Monitoring — Time Series

get_monitoring_timeseries_single(code, metric='pg_locks_count', component='stream')
Returns a wide-format DataFrame for one metric in one experiment. Rows are timestamps; columns are monitored pod instances.

get_monitoring_timeseries_per_phase(code, metric='pg_locks_count', component='stream')
Same data as above, transposed: rows are pod instances, columns are timestamps.

get_monitoring_timeseries_all(metric='pg_locks_count', component='stream')
Collects long-format time-series across all codes. Columns include timestamp, value, code, phase, experiment_run, client, type_tenants, num_tenants, vol_tenants, metric, component. Values are summed across parallel pods.
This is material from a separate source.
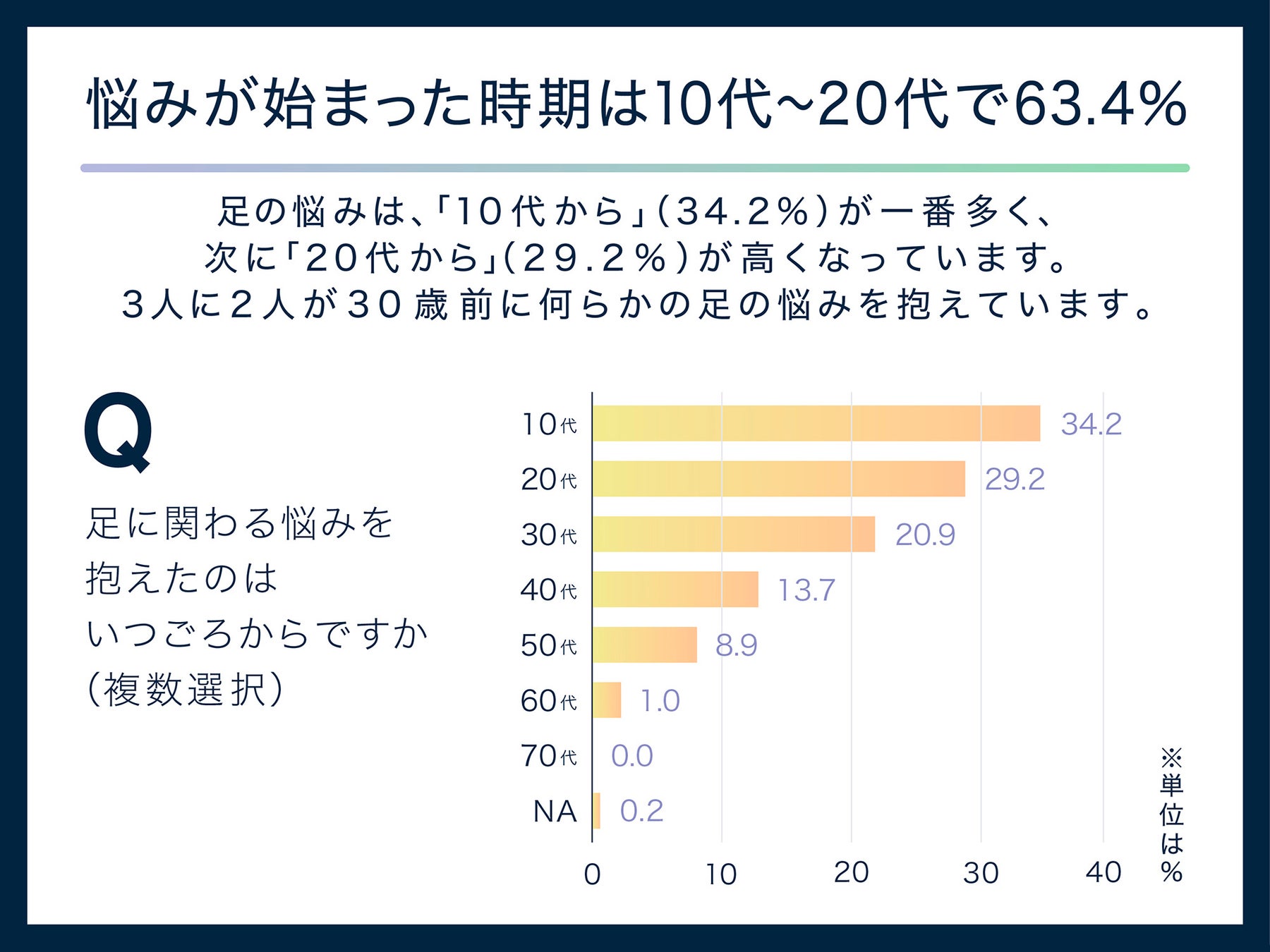 「足に関わる悩みを持っていますか」という質問では、95.4%の人が「持っている」と回答しました。このうち、その悩みが何歳代から始まったのかを質問したところ、63.4%の人が10代や20代からでした。また、悩みの種類を質問したところ、トップ5は「足の疲れ」(42.7%)、「足に合うシューズがない」(42.2%)、「足のむくみ」(40.6%)、「足の冷え」(39.5%)、「足の形」(38.9%)でした。

get_monitoring_timeseries_all_multitenant(metric='pg_locks_count', component='stream')
Like get_monitoring_timeseries_all but annotates each row with tenant metadata from the workload config. For non-container tenancy the tenant column is set to "0".

Performance — Benchmarking

get_performance_per_connection()
Unaggregated per-pod results concatenated across all codes. Job, connection, and configuration columns are prefixed with the experiment code.

get_performance_aggregated_per_job()
Aggregates parallel pods within each job, then concatenates all codes. Groups by the job identifier (configuration-experiment_run-client-benchmark_run), producing one row per benchmark job. Index is the code-prefixed job identifier.

get_performance_aggregated_per_phase()
Aggregates parallel pods and all parallel jobs within each phase, then concatenates all codes. Groups by the phase identifier (configuration-experiment_run-client), collapsing all benchmark_run values. Index is the code-prefixed phase identifier.

get_performance_aggregated_per_phase_multitenant()
Per-job aggregation with tenant metadata. Adds type_tenants, num_tenants, and vol_tenants columns from the workload configuration. Groups by (code, experiment_run, client, benchmark_run, type_tenants, num_tenants), producing one row per job within each tenant group.

Performance — Loading

get_loading_per_pod()
Raw loading metrics for each individual pod across all codes.

get_loading_per_connection()
Loading metrics aggregated at connection level across all codes.

get_loading_per_run()
Loading metrics further aggregated per experiment run (one row per code-configuration-experiment_run).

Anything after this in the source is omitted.